O presidente fez um balanço de seu governo, destacando o que considerou reformas, marcos regulatórios em infraestrutura e avanços econômicos que, segundo ele, fizeram a inflação recuar, a taxa básica de juros cair e o desemprego estancar. "Nós vencemos a crise", disse Temer, ressaltando que o Brasil é um país atrativo para investidores.

"O nosso governo prestigiou e prestigia a iniciativa privada, tanto a nacional, como a estrangeira. Sabemos que o Estado não pode nem deve fazer tudo, é o setor privado que cria emprego, riqueza e renda.

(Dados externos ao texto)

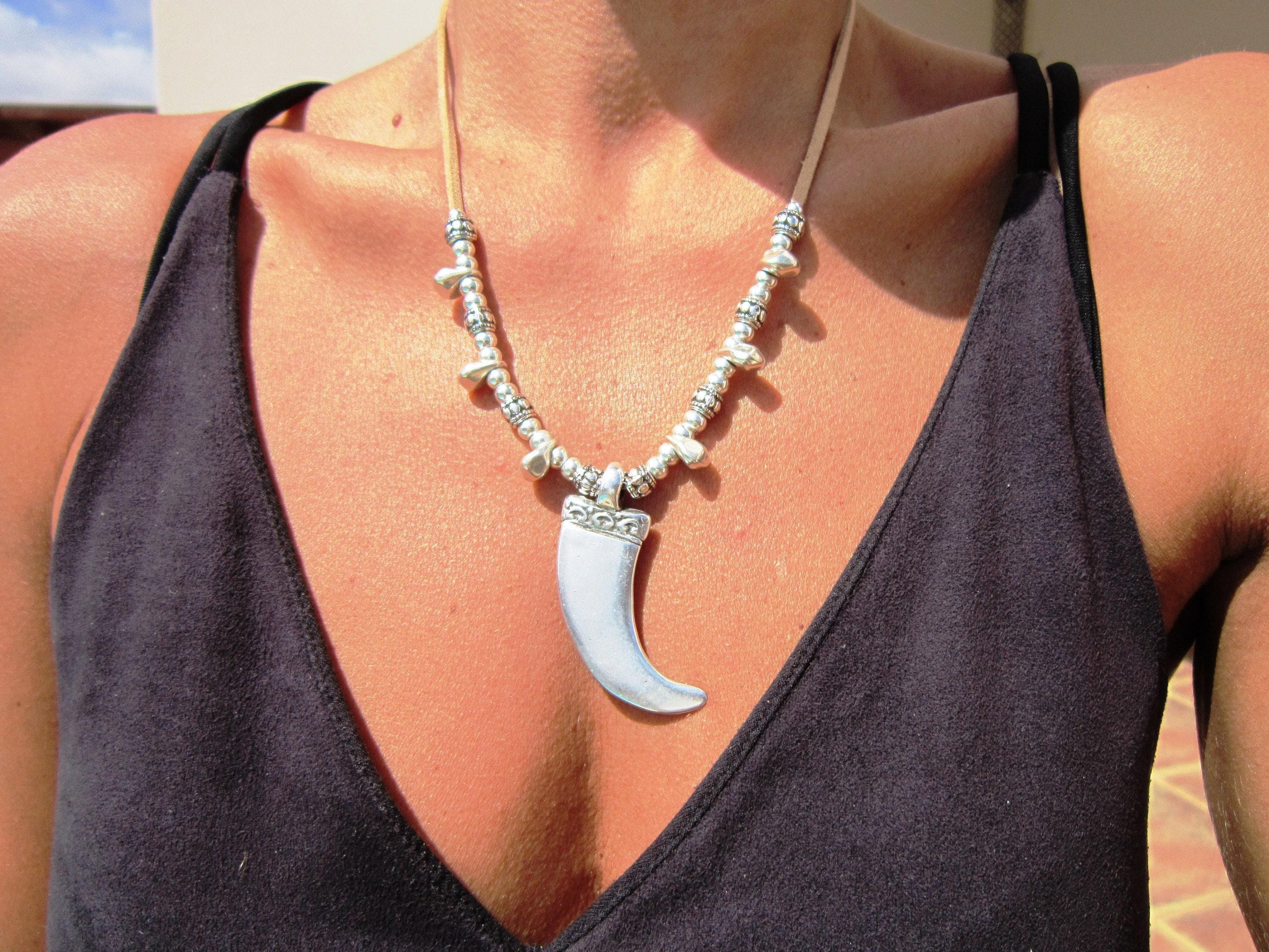 ♥ Elevate your style with this Chunky Statement Pendant Necklaces, a Silver beaded Horn necklace Charm on leather, a bold statement piece for everyday style. It is part of our best selling items, a perfect blend of timeless style handmade neotribal jewelry. Silver Chunky charm necklace for couples, necklaces for women made to size to match your style. Designed as a delicate charm necklace, a layered pendant necklace, it’s available in multiple lengths to match your style. at KEKUGI you can find pendant necklaces, beaded necklaces, charm necklaces, choker necklaces, multi-strand layered necklaces and lariat & Y necklaces, unique bohemian jewelry Best selling items designs gift for Her, birthday gift or personalized gifts.
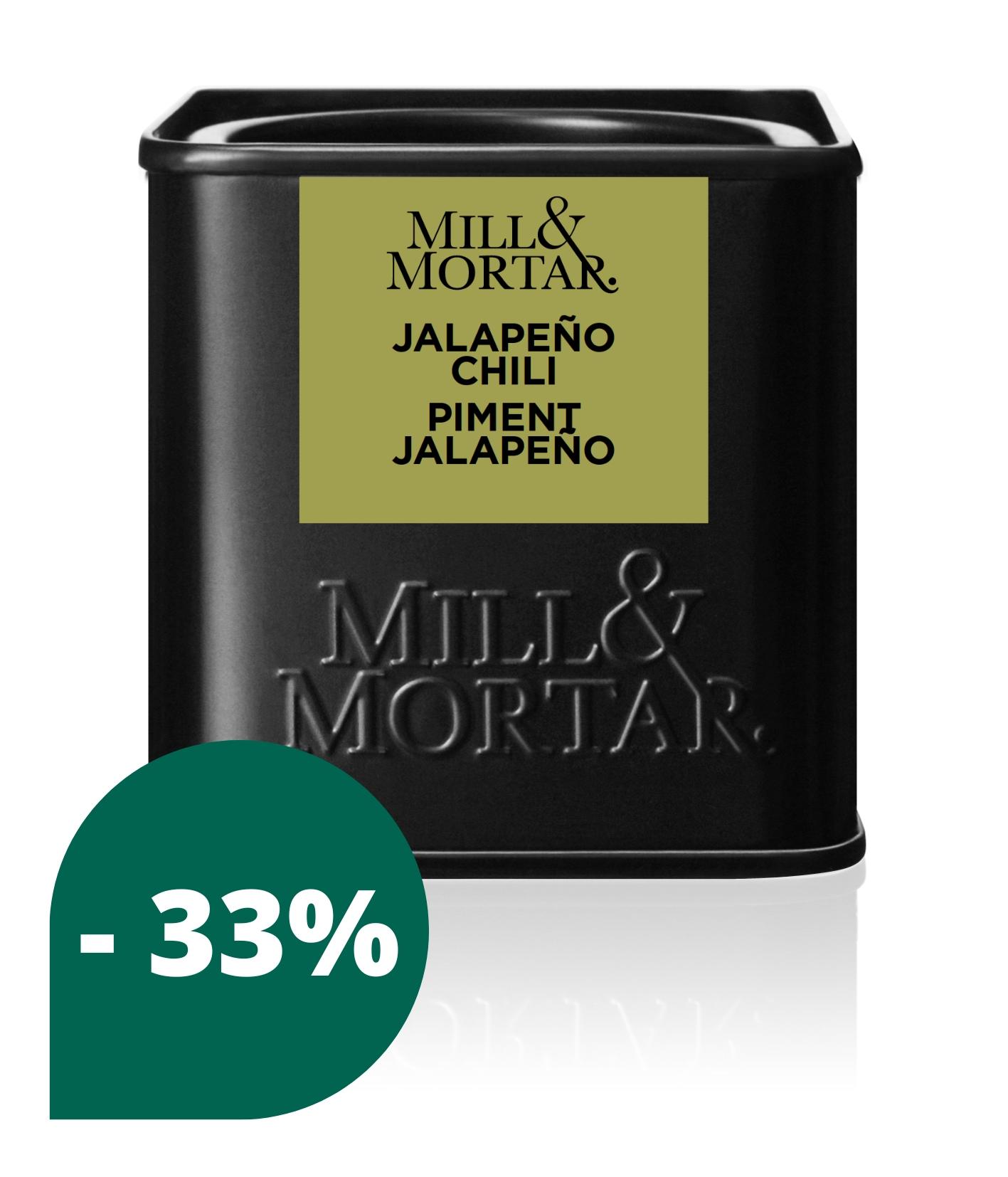 Jalapeño Chili is een van de bekendste en meest geliefde chilipepers uit Mexico. Het Deense topmerk Mill & Mortar selecteerde deze prachtige chili voor zijn perfecte balans tussen warmte en zoet. Met een medium-hete pittigheid van 2.500 tot 10.000 Scoville, brengt deze chili een lichte kick aan al je gerechten.
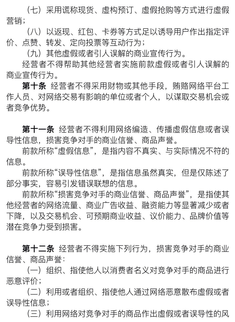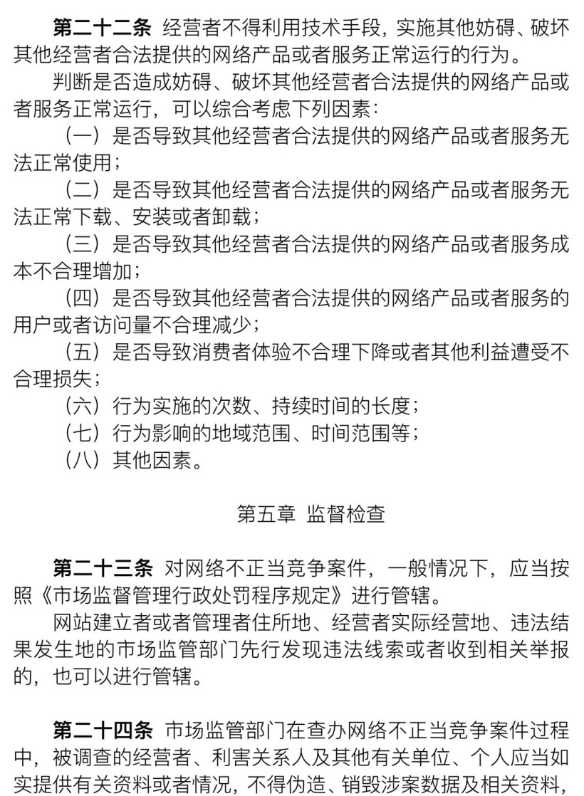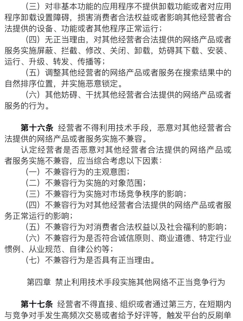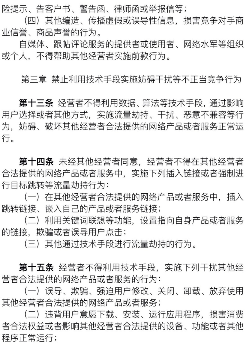 《规定》中提出,经营者不得利用数据、算法等技术手段,通过影响用户选择或者其他方式,实施流量劫持、干扰、恶意不兼容等行为,妨碍、破坏其他经营者合法提供的网络产品或者服务正常运行。

Esse é o novo Brasil que estamos construindo", disse o presidente.

Temer destacou o mercado de 208 milhões de consumidores, agricultura "avançadíssima e competitiva" e um parque industrial "moderno e diversificado".

"E há um fato político importante, nós estamos distantes de focos de tensão geopolíticas, nós vivemos em paz com nossos vizinhos", disse Temer. Aos investidores e empresários, ele afirmou que as instituições brasileiras são "fortíssimas".

Ele falou sobre a emenda que estabeleceu um teto nos gastos públicos como uma das formas de "encarar" os problemas. "O que nós fizemos foi reduzir os gastos, estabelecer um teto, e o fizemos com grande responsabilidade. A emenda constitucional que aprovamos prevê um prazo mínimo de dez anos para que possa haver uma revisão", disse Temer.

O presidente falou que "os empregos estão voltando" no Brasil e que a reforma trabalhista foi uma iniciativa para tornar a legislação adequada aos tempos contemporâneos. Segundo ele, a reforma foi feita através de diálogo com o Congresso e setores produtivos.

O evento foi organizado em Nova York pela Brazil-U.S. Business Council. Na terça-feira, 25, Temer faz o discurso de abertura da 73ª Assembleia Geral da Organização das Nações Unidas (ONU). Participam da comitiva de Temer os ministros Moreira Franco (Minas e Energia), Ronaldo Fonseca (Secretaria-Geral), Aloysio Nunes (Itamaraty) e Sérgio Etchegoyen (SGI) e os embaixadores Mauro Vieira (embaixador do Brasil junto à ONU) e Sérgio Amaral (embaixador do Brasil em nos EUA).